The Apse: In 1906 the Minister of the day, Dr. James Macgregor, celebrated 50 years of ministry. To commemorate this occasion Dr. Macgregor commissioned the alabaster frieze on the wall of the apse. It features Jesus and His disciples and the design is based on The Last Supper by Leonardo da Vinci. From left to right the characters are Bartholomew, James the Less, Andrew, Judas, Peter, John, Jesus, James, Thomas, Philip, Matthew, Thaddeus and Simon.

To the left of the apse is the pulpit. It is thought that the earliest church was probably built on the spot where the pulpit stands today. Under the pulpit is the foundation stone of the building along with a time capsule containing documents and artefacts of the 1890’s, including photographs, coins, newspapers, and copies of the Minister’s sermons.

 

The Communion Table is made from alabaster and marble, mostly Italian, green and Egyptian. The middle of the Communion Table shows the cross of St. Cuthbert which can be seen in the decor in other parts of the building.

The Exalted Christ with His angels on either side of Him was the first of the murals painted by Robert Hope RSA. In 1928 Professor Gerald E. Moira of Edinburgh College of Art painted the four apostles. Then in 1933 the angels on the spandrels at either side of the chancel area were painted by John Duncan RSA, RSW. The angels are seen worshipping God in two different ways. The one on the left is quietly praying to the spirit within, while on the right, the angel with raised hands and head worships joyfully, radiantly!

The windows on the left of the church depict stories from the Old Testament and on the right the New Testament.

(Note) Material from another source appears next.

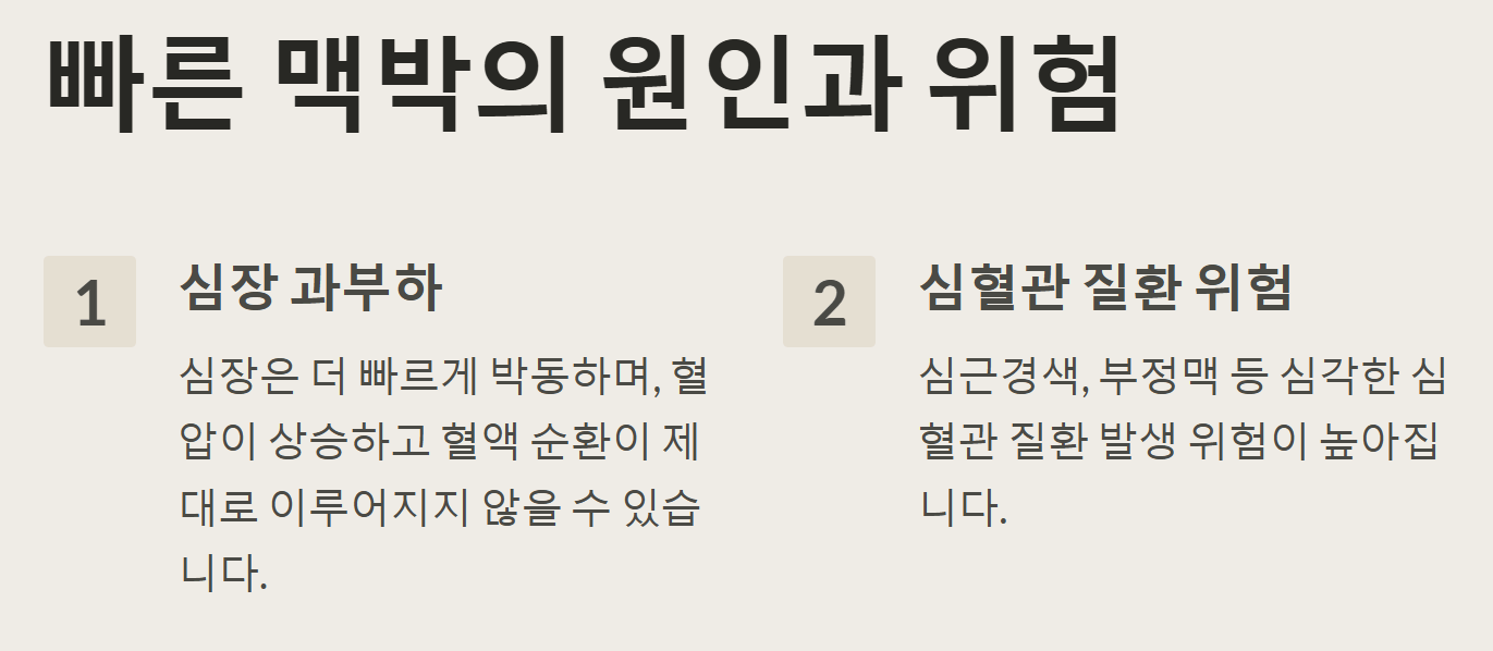 - 심장에 과부하: 맥박이 빠르면 심장이 더 빠르게 수축하면서 혈액을 펌프해야 하므로 심장에 부담이 가중됩니다. 이는 심근경색, 부정맥 등 심장 질환의 위험을 높일 수 있습니다.

Upstairs on the North side you will see a young David, sling in hand, going out to meet the giant Goliath. This window was created by Tiffany of New York in 1903 and is one of only five Tiffany windows in Britain.

When I was done at St. Cuthbert’s I strolled back to Grassmarket to wait for Josh and Laura.

I waited at the White Hart Inn, Edinburgh’s most ancient tavern.

Follow in the footsteps of Oliver Cromwell, William Wordsworth and Robert Burns by enjoying a tankard of fine ale or one of our world-famous whiskies. Founded in 1516, The White Hart is named after the rarest of all Highland creatures, which can be spotted sometimes no more than once in a century. It was used as a heraldic symbol in the 14th century by King Richard II, and for almost five hundred years has welcomed travellers through these doors.

The food choices here were not hitting the spot for us so when Josh and Laura met up with me after their castle experience we found a table at the Fiddler’s Arms.

This image above is from The Fiddler’s Arms webpage. You can see what a sunny day would look like in the shadow of the castle. Below is what the atmosphere was like when we were here.

After lunch we popped into a couple of shops, took some photos and then we got an Uber to take us to St. Mary’s Episcopal Church to enjoy evensong which was due to begin at 3:30 on this Sunday. That will have to be another post.